En el corazón de Londres, en este ápice del mundo y en esta microsociedad de marginados, no nos estrechamos la mano ni nos damos dos besos tampoco. Apenas nos saludamos, un ligero movimiento del mentón barriendo el espacio con la mirada como un guardaespaldas, porque puedes llevarte un golpe en cualquier momento y nadie tiene ganas de verse reflejado en la cara partida del otro. Jimmy y yo hemos echado raíces en el alféizar. Nos encanta este rincón a distancia de la efervescencia turística. Nos pasamos horas en nuestros sacos de dormir fumando, bebiendo, observando el mundo avanzar sin intentar subirnos al carro. Hay una razón: mendigar hasta la muerte. “¿No tendrá usted una monedita?”, preguntamos a cada paso para recaudar las pequeñas monedas sueltas que nos pagarán cigarrillos, cerveza y un montón de pasteles. Nos alimentamos con todo lo que se nos prohíbe comer de niños: azúcar, grasa, alcohol y nicotina.

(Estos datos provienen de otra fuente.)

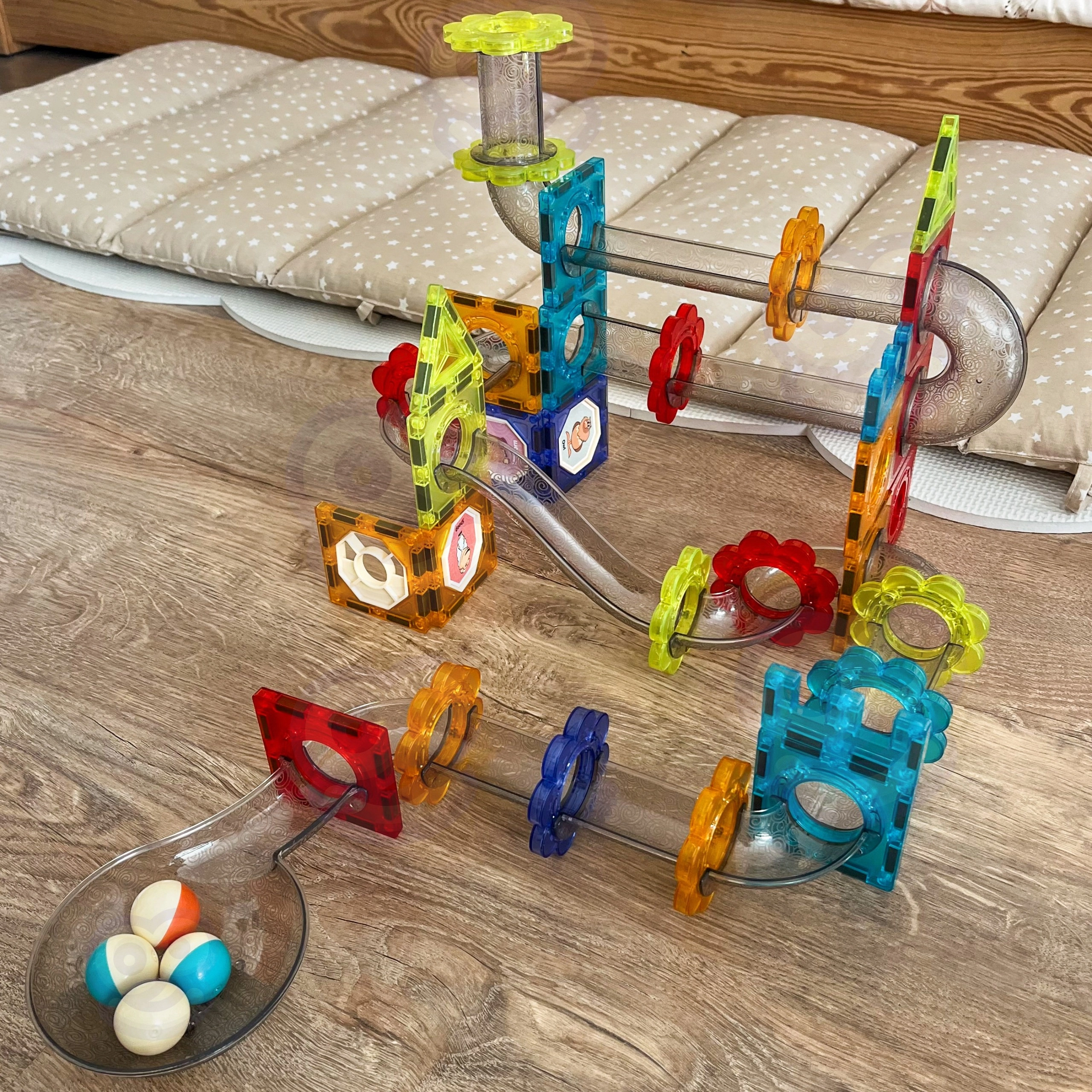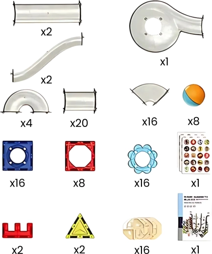 - Különböző alakú és színű mágneses lapkák; átlátszó pályaelemek (vályúk, kanyarok, tölcsérek, alagutak); színes golyók; dekoratív matricák; illusztrált útmutató

Picamos en cualquier momento, nos acostamos a cualquier hora. No hay reloj ni calendario. Me doy cuenta de que ha llegado el mes de diciembre cuando los tipos de los servicios municipales vienen a instalar guirnaldas luminosas entre las farolas. Mis ojos se enturbian. Pienso en mi casa y en el abeto que decoraba con mi hermano, espero que mi partida no les fastidie la fiesta, y al mismo tiempo espero que un poco sí. Yo ya sé que la mía será a reventar. Porque el gran bajón es como reventar un globo justo cuando iba a salir volando. Intento no pensarlo mucho evitando contar los días, pero el 24 de diciembre termina por llegar. Así que bebo varias latas de cerveza para olvidar. Tendré que contar, claro, todo lo que me ocurrió entre esa primera Navidad helada y mi entrada al juego en 25


octubre. Pero no tan pronto. Vivir en la calle no es como un campamento de verano que se resume en una postal. Debo encontrar las palabras. Y encajarlas.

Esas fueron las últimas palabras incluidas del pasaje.